Problem to work on:
From the line holding "他の画像を見る ロゴス LOGOS" through the line holding "The Regal Black" below, write out every line exactly; include both of those lines and drop the pictures.
Records supplied START
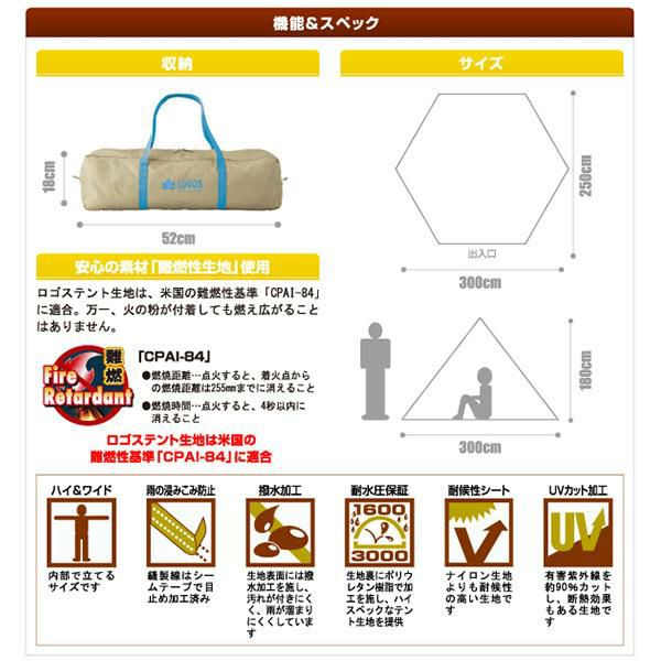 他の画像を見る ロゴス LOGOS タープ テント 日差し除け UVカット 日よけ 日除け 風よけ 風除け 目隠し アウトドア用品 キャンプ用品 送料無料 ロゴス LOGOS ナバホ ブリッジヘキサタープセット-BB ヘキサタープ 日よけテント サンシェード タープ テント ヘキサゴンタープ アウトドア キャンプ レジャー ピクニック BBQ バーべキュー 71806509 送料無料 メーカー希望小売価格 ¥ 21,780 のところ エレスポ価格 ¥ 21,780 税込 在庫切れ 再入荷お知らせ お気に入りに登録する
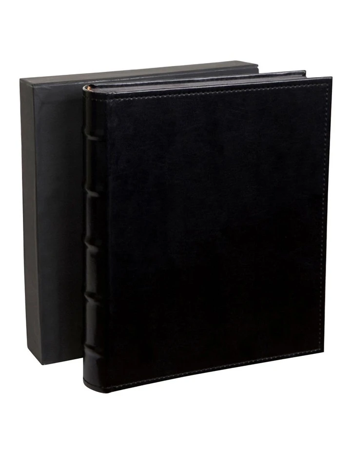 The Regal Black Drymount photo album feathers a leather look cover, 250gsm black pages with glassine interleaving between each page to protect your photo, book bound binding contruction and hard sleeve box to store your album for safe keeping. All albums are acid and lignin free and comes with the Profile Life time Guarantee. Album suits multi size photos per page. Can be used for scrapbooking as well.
Records supplied END
Records supplied START
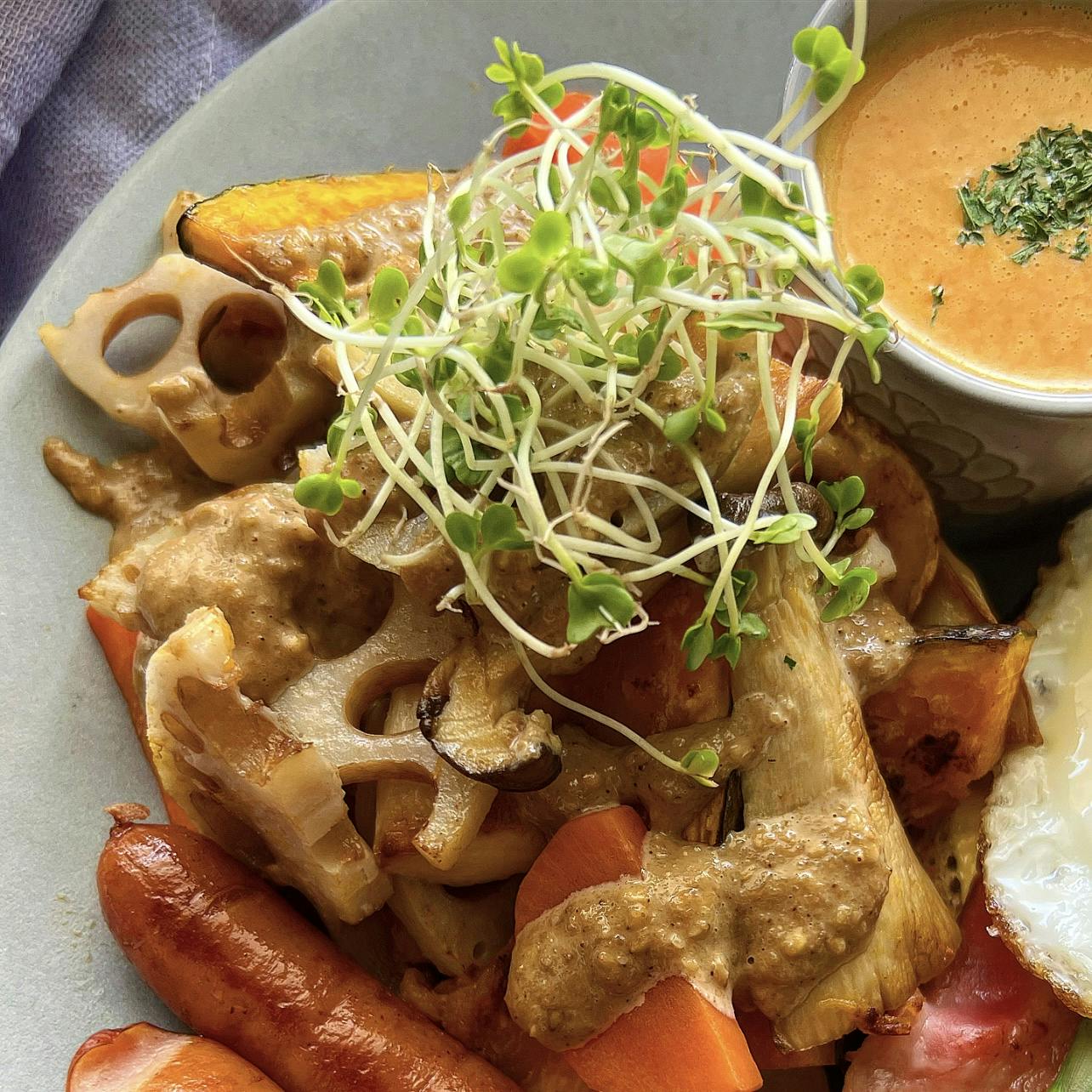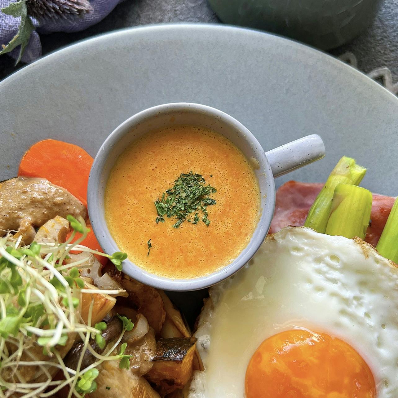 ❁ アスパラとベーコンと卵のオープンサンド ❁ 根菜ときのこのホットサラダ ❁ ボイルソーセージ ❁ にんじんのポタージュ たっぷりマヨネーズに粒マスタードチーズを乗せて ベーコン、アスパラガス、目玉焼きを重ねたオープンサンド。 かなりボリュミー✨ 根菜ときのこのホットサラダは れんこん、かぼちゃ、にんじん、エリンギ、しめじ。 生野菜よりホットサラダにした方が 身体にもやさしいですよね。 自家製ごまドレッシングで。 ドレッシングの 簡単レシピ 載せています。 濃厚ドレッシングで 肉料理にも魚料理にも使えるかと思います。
Records supplied END
Output:
 他の画像を見る ロゴス LOGOS タープ テント 日差し除け UVカット 日よけ 日除け 風よけ 風除け 目隠し アウトドア用品 キャンプ用品 送料無料 ロゴス LOGOS ナバホ ブリッジヘキサタープセット-BB ヘキサタープ 日よけテント サンシェード タープ テント ヘキサゴンタープ アウトドア キャンプ レジャー ピクニック BBQ バーべキュー 71806509 送料無料 メーカー希望小売価格 ¥ 21,780 のところ エレスポ価格 ¥ 21,780 税込 在庫切れ 再入荷お知らせ お気に入りに登録する
 The Regal Black Drymount photo album feathers a leather look cover, 250gsm black pages with glassine interleaving between each page to protect your photo, book bound binding contruction and hard sleeve box to store your album for safe keeping. All albums are acid and lignin free and comes with the Profile Life time Guarantee. Album suits multi size photos per page. Can be used for scrapbooking as well.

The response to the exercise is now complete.